▶ **Records supplied**
>>>>>
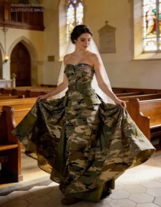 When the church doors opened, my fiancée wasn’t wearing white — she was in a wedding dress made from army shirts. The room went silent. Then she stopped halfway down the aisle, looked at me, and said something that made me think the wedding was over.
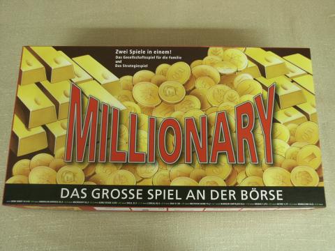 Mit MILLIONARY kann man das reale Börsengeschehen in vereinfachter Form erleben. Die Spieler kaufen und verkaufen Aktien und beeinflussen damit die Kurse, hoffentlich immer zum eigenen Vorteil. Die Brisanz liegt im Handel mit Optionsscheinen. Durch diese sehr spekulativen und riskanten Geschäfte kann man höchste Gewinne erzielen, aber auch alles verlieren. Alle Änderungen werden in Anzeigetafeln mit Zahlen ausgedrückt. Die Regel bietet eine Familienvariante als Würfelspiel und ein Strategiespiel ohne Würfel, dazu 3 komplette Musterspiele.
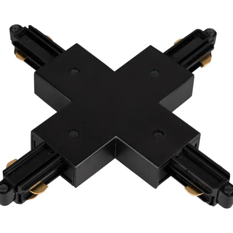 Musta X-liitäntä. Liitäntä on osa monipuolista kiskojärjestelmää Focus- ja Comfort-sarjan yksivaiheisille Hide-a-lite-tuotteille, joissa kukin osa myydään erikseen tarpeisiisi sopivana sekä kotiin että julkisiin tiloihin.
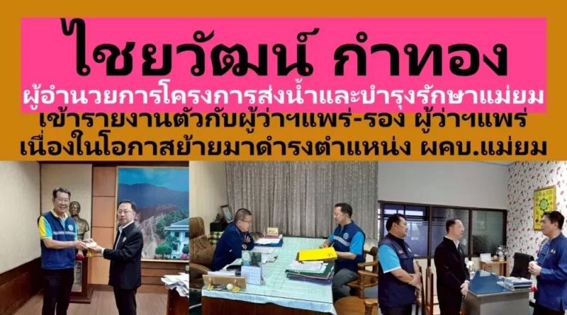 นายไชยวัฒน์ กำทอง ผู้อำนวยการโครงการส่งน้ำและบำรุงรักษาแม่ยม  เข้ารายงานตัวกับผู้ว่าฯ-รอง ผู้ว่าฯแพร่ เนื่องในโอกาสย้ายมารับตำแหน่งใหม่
<<<<<
>>>>>
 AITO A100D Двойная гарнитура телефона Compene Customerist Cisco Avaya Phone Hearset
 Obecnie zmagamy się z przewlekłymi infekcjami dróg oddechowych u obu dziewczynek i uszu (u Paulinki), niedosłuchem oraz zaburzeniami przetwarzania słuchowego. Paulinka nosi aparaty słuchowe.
<<<<<
>>>>>
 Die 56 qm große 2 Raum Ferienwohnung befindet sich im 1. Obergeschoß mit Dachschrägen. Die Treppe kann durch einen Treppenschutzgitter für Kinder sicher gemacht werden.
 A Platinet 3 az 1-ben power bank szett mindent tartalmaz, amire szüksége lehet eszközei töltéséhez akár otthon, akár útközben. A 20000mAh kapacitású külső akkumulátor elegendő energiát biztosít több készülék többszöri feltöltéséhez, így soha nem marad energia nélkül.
<<<<<
▶ **What you should do**
The reply should consist solely of the lines above from the one that has "Die 56 qm große" through the one that has "A Platinet 3", reproduced exactly.

▶ **Response to the task**
 Die 56 qm große 2 Raum Ferienwohnung befindet sich im 1. Obergeschoß mit Dachschrägen. Die Treppe kann durch einen Treppenschutzgitter für Kinder sicher gemacht werden.
 A Platinet 3 az 1-ben power bank szett mindent tartalmaz, amire szüksége lehet eszközei töltéséhez akár otthon, akár útközben. A 20000mAh kapacitású külső akkumulátor elegendő energiát biztosít több készülék többszöri feltöltéséhez, így soha nem marad energia nélkül.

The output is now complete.